CV NEWS FEED // The United States Conference of Catholic Bishops this week criticized the Biden Administration’s recent re-definition of biological sex in the Affordable Care Act for promoting an ideological view that contradicts the reality that men and women are different.
The U.S. Department of Health and Human Services updated Section 1557 of the Affordable Care Act on April 26, expanding the prohibition of “discrimination on the basis of sex” to also prohibit discrimination on the basis of “gender identity” and “sexual orientation.”

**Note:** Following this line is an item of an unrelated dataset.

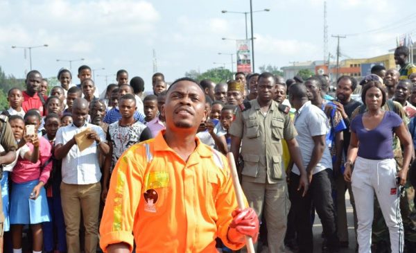 After a dreary weekend marred by flash floods, the resilient city of Lagos has gotten its groove back. Thanks to a colourful flash mob of street sweepers that toured the metropolis for three days doing choreographed dances while “cleaning” on the go.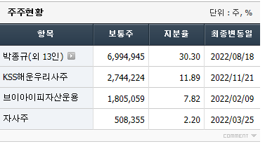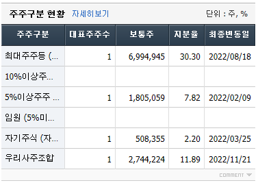 최대주주 및 우리사주까지 합해도 50%가 되지 않네요. 원래 책에는 최대주주 지분율이 높은 주식을 사라고 했지만, 이 회사에 대해 찾아볼 수록 마음에 들어서 매수를 했습니다.

In response, the USCCB issued a statement on April 30 criticizing the change for its ideological tone.
“By including ‘sexual orientation and gender identity’ in the definition of ‘sex,’ the final regulations generally require health care workers to perform ‘gender transition’ procedures in the name of nondiscrimination,” the USCCB stated.
“At the same time,” the USCCB continued, “the regulations make modest improvements to the proposed regulations’ protections for the exercise of conscience, religious belief, and clinical judgment.”
Bishop Kevin C. Rhoades of Fort Wayne-South Bend, chairman of the Committee for Religious Liberty for the USCCB, stated that health care should uphold, not contradict, the truth that the human person is made in the image and likeness of God.
“The human right to health care flows from the sanctity of human life and the dignity that belongs to all human persons, who are made in the image of God,” Bishop Rhoades stated:
The same core beliefs about human dignity and the wisdom of God’s design that motivate Catholics to care for the sick also shape our convictions about care for preborn children and the immutable nature of the human person. These commitments are inseparable.
Bishop Rhoades noted that USCCB does appreciate that the changes do not try to impose an abortion provision mandate.
“These regulations, however, advance an ideological view of sex that, as the Holy See has noted, denies the most beautiful and most powerful difference that exists between living beings: sexual difference. I pray that health care workers will embrace the truth about the human person, a truth reflected in Catholic teaching, and that HHS will not substitute its judgment for their own,” he concluded.